*** Information supplied ***

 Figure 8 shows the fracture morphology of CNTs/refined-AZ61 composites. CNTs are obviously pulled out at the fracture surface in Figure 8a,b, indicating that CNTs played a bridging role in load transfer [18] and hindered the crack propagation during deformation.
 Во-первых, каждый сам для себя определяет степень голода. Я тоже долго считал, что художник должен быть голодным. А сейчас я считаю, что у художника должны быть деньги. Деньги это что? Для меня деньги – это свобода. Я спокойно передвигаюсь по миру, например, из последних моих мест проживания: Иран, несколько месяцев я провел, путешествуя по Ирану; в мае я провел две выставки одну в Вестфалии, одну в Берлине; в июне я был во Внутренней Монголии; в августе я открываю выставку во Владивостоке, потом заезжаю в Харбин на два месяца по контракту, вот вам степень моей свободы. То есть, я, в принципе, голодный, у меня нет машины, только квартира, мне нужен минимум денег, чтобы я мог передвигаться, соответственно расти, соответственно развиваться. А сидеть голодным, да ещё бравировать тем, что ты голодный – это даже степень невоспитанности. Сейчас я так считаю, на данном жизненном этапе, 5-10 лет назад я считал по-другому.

*** End of Information supplied ***
*** Information supplied ***

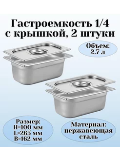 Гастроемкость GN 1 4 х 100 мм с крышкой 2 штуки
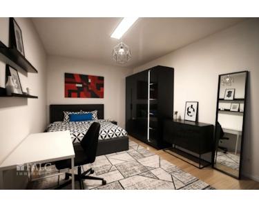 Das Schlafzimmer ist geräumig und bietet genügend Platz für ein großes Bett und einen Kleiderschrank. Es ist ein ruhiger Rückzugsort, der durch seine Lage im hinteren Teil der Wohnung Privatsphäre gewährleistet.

*** End of Information supplied ***
*** Information supplied ***

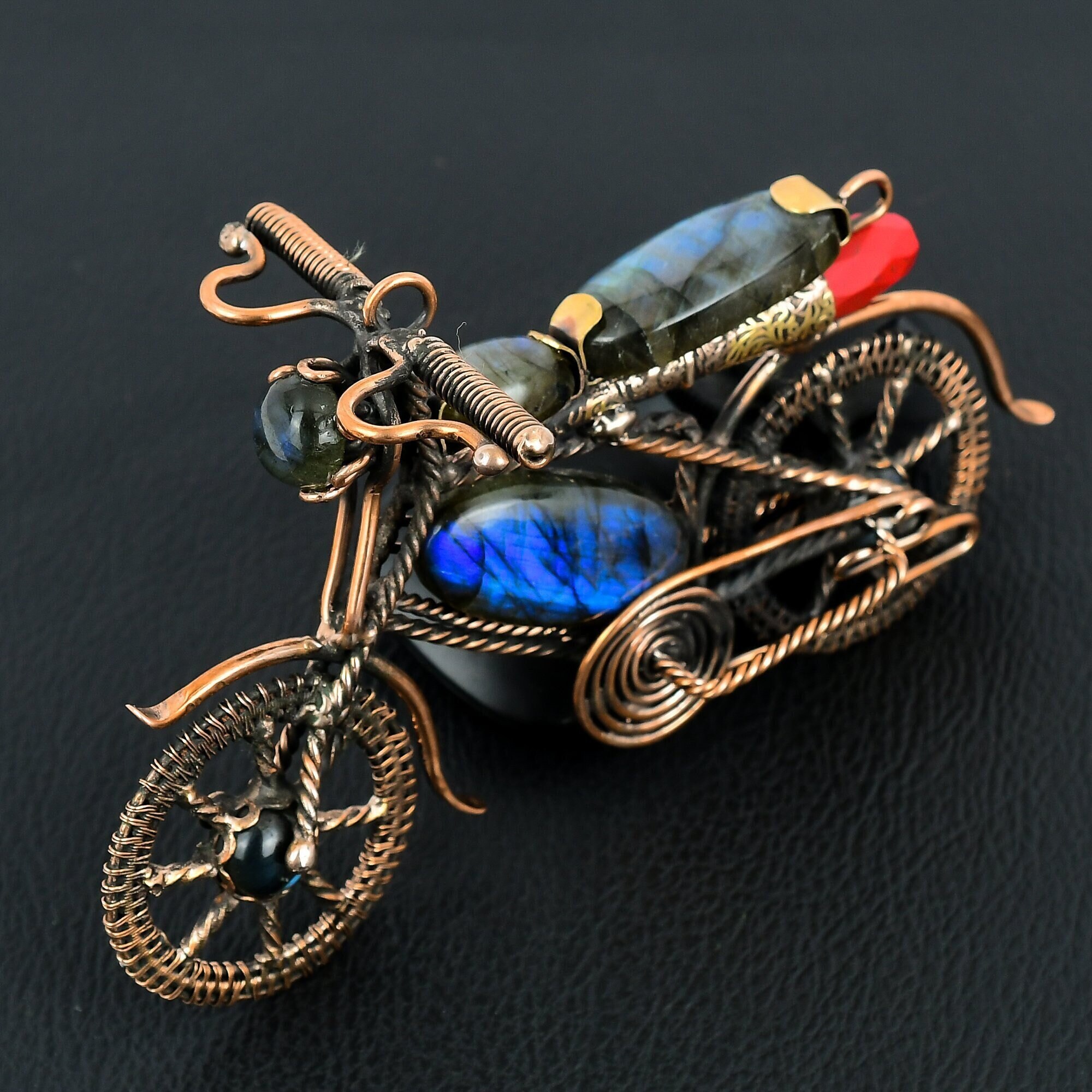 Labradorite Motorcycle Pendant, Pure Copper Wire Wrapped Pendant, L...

*** End of Information supplied ***

Up in the listing, locate the line with "Гастроемкость GN 1"; print it and every line after it down to the line with "Das Schlafzimmer ist", which is included too. Skip the pictures.

 Гастроемкость GN 1 4 х 100 мм с крышкой 2 штуки
 Das Schlafzimmer ist geräumig und bietet genügend Platz für ein großes Bett und einen Kleiderschrank. Es ist ein ruhiger Rückzugsort, der durch seine Lage im hinteren Teil der Wohnung Privatsphäre gewährleistet.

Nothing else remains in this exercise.